# Graph Exercises

1. The graph above illustrates the prerequisite structure for eight computer science courses. Answer the following questions:
• Is this graph directed?
• Is this graph weighted?
• Does this graph contain any cycles?
• Would you describe this graph as sparse? or dense?
• What is the in degree of CS 240?
• What is the out degree of CS 240?
• Ignoring the edge directions, what is the largest clique in this graph?
• Ignoring the edge directions, how many connected components does this graph have?
• Draw the in-memory representation of this graph both as an adjacency matrix and an adjacency list. Construct your adjacency list so that edge lists are sorted by course number. You may label each vertex using an integer, where each course is numbered in order: CS149->0, CS159->1 ...
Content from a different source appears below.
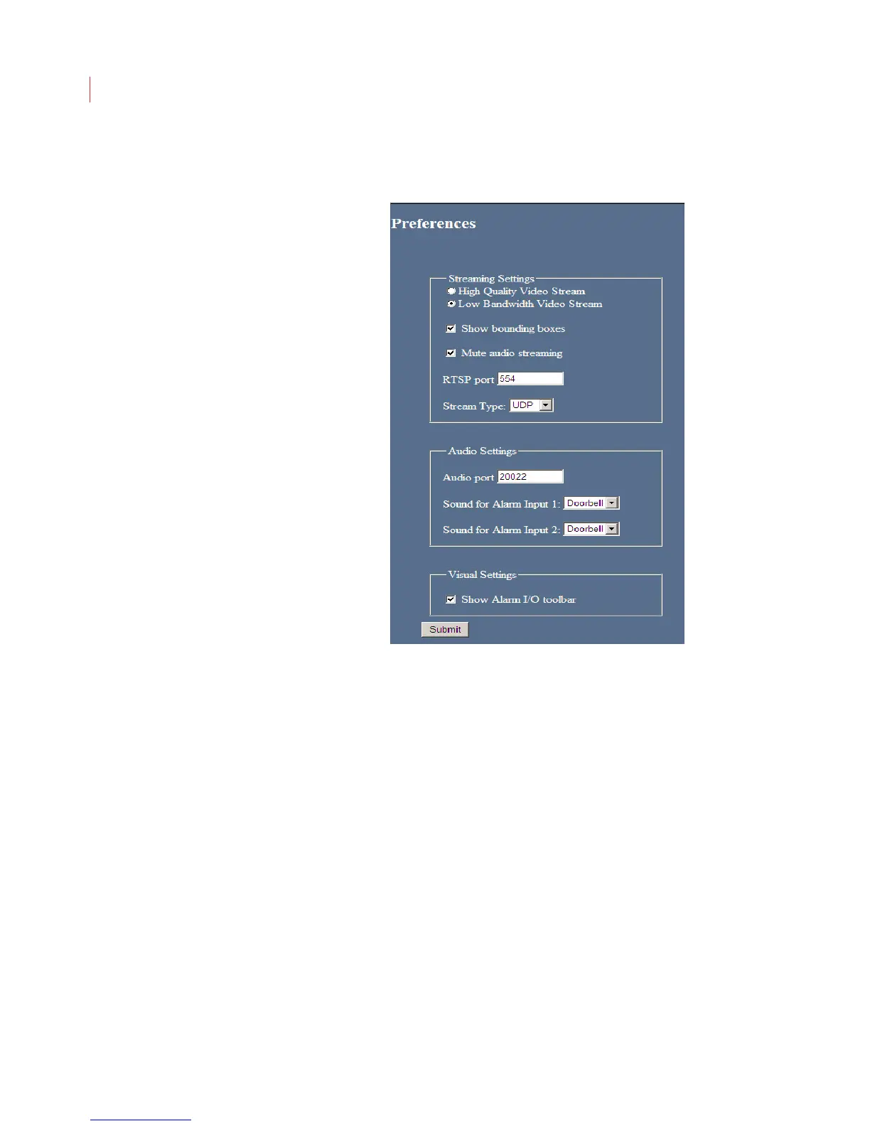 Enable audio streaming by unchecking the Mute audio streaming box.

• For this example, which of these graph representations is more memory-efficient?
2. The following code snippets implement depth-first search and breadth-first search respectively.

``````
void graphTraverse(Graph G) {
int v;
for (v=0; v<G.nodeCount(); v++)
G.setValue(v, null); // Initialize
for (v=0; v<G.nodeCount(); v++)
if (G.getValue(v) != VISITED)
doTraversal(G, v); // Replace with either DFS or BFS
}

void DFS(Graph G, int v) {
PreVisit(G, v);
G.setValue(v, VISITED);
int[] nList = G.neighbors(v);
for (int i=0; i< nList.length; i++)
if (G.getValue(nList[i]) != VISITED)
DFS(G, nList[i]);
PostVisit(G, v);
}

void BFS(Graph G, int v) {
LQueue Q = new LQueue(G.nodeCount());
Q.enqueue(v);
G.setValue(v, VISITED);
while (Q.length() > 0) { // Process each vertex on Q
v = (Integer)Q.dequeue();
PreVisit(G, v);
int[] nList = G.neighbors(v);
for (int i=0; i< nList.length; i++)
if (G.getValue(nList[i]) != VISITED) { // Put neighbors on Q
G.setValue(nList[i], VISITED);
Q.enqueue(nList[i]);
}
PostVisit(G, v);
}
}``````
• In what order will the vertices in the prerequisite graph be visited in a depth-first traversal?

• In what order will they be visited in a breadth-first traversal?

3. Draw the in-memory representations of the undirected version of the graph above. (In other words, every directed edge is replaced by an undirected edge.)